As audiences and storytellers moved into the 2010s, people's biggest fears took another inward turn. The calls were coming from inside the house -- the personified house. Were the real monsters humanity all along? Social commentary horror hit its greatest highs since Rod Serling's Twilight Zone stories of the 1960s with auteurs like Jordan Peele carrying the torch into the pit of man's fears. Get Out became an instant classic by tapping into more personal and cerebral fears, namely the sinister effects of sugar-coated, sly racism. And if the monsters weren't our darker, crueler human selves, they were the grief we carried with us, such as in The Babadook.

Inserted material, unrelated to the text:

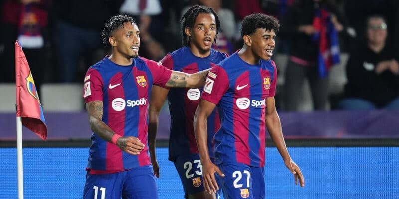対するバルセロナは、38分にハフィーニャが右ポスト直撃のミドルシュートでゴールを脅かすと、その2分後に先制する。40分、中盤でパスを受けたレヴァンドフスキがDFを引きつけてスルーパスを送ると、このパスに反応したギュンドアンが敵陣まで切り込みラストパス。最後はボックス内に走り込んだヤマルがゴール左隅にダイレクトシュートを流し込んだ。

The 2010s/2020s Transitioned to the Idea That the Monster Is Trauma

The Bent-Neck Lady's ghost descends In The Haunting Of Hill House

As we continue on through the later 2010s through the early 2020s of today, horror continues to creep inside of us. There is a new influx of ghost stories in tumultuous times, found in Mike Flanagan's The Haunting anthologies or the sins of generations coming to a head in the Fear Street trilogy, representing collective fears of personal and generational pasts literally coming back to haunt. A Lynchian sense of dread pervades the landscape, rich with feelings of being trapped in a life people never envisioned for themselves, like the eerie claustrophobia of Vivarium.